Stimulus: George R. R. Martin – A Dance with Dragons
It’s a strange idea that a book can be a thousand pages long and still feel like it isn’t explaining everything. As I read through this monstrous – in size and often in content – book, I kept noticing plot threads that were briefly brought up and then dropped, characters who would show up for a chapter or two and then fade out of the book completely, and some chapters told through the perspectives of characters that didn’t really gel with the rest of the story. There’s also a severe inclination toward variations of the statement “He was not wrong.”
The overall feeling of A Dance with Dragons is that it’s a series of cliffhangers. It’s very exciting, but it also feels the most intermediate and least self-sufficient book in George R. R. Martin’s massive Song of Fire and Ice series.
All of this illustrates what I feel is the awkward point in Fire and Ice – the fourth and this, the fifth book in the series which divided the narrative in two. The previous book, A Feast for Crows, fixated on how the evil queen in the capitol was a huge bitch, whereas A Dance with Dragons is more concerned with what’s going on in the rest of the world. Eventually the split gets more or less mended in Dragons and everyone goes forth into the terrible winter together, but most of this tale is completely divorced from its predecessor.
Despite my issues with the book’s technical aspects, I think Dragons is a far more satisfying book than Crows. Focusing on Queen Bitch was an easy way to draw heat in the preceding book, but it kind of drowned out the rest of the characters. Here, the points of view are a little more balanced between a trio of story arcs: a dwarf on the run, a watchman getting ready for a monster war, and the Abe Lincoln Dragon Queen getting bogged down in cultural relativism.

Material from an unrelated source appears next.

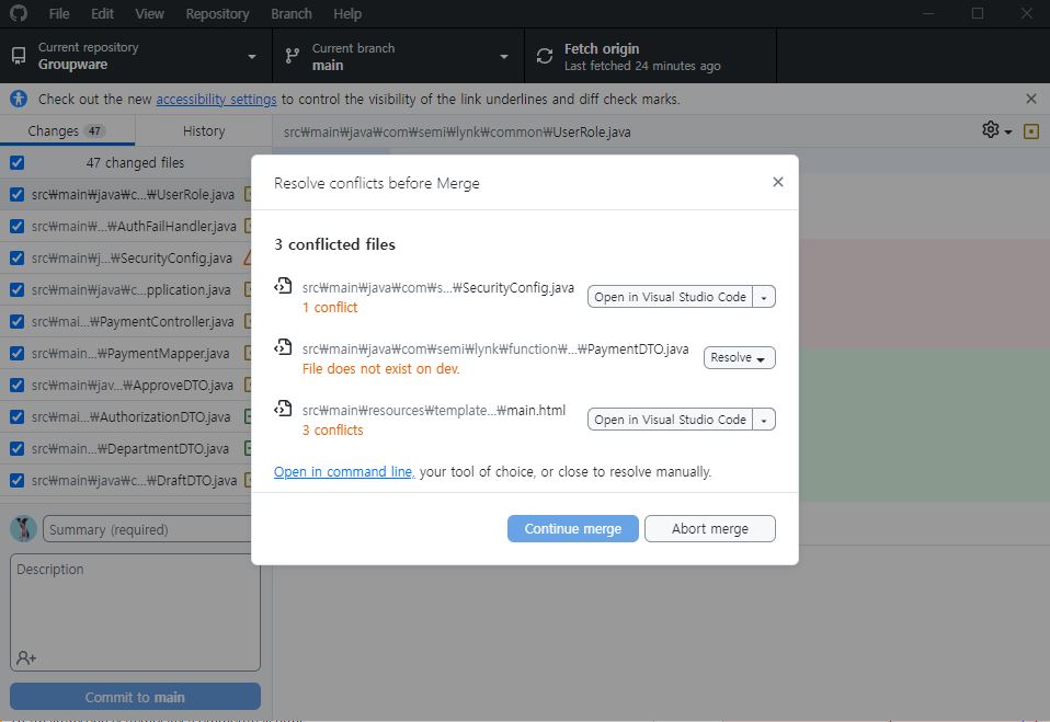 → 출돌나는 파일과 어떻게 해결할 것인가에 대한 내용이 오른쪽에 표시된다.
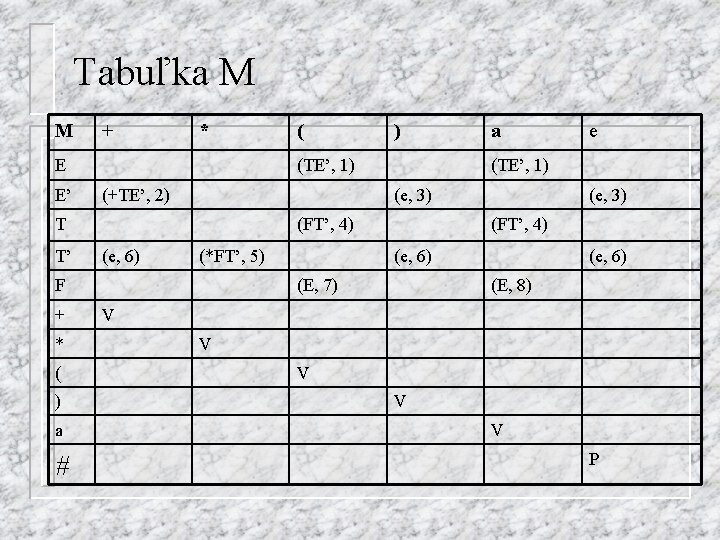 Príklad n 1. 2. 3. 4. 5. 6. 7. 8. Vrátime sa zase ku gramatike, ktorú sme transformovali na LL(1) E T E’ E’ + T E’ E’ e T F T’ T’ * F T’ T’ e F (E) F a

Most of the supporting characters do a good job in fleshing out the rest of the outside world, but there was one character in particular who I thought became amazing. A few books back saw a ward of the Starks (i.e. the “good guys”) sent as an envoy to his homeland, where he is degraded into switching sides and seizing Stately Stark Manor. He gets out-bastarded by a psycho killer, and for a long time nothing more is said of him.
Since then, our insecure pseudo-traitor has festered in Psycho’s dungeons, tortured into the faintest shell of his former self. He’s crippled, stinking, nameless Stockholm Syndrome in skin – and he’s losing a lot of that, too. His entire story in Dragons is this terrible and softly triumphant journey back to being able to call himself by his old name – and damn if it doesn’t make the whole book.
A Dance with Dragons is mostly setup and little solution, but the War and Peace-sized setup is largely brilliant. The awkwardness is over. Let the stride resume.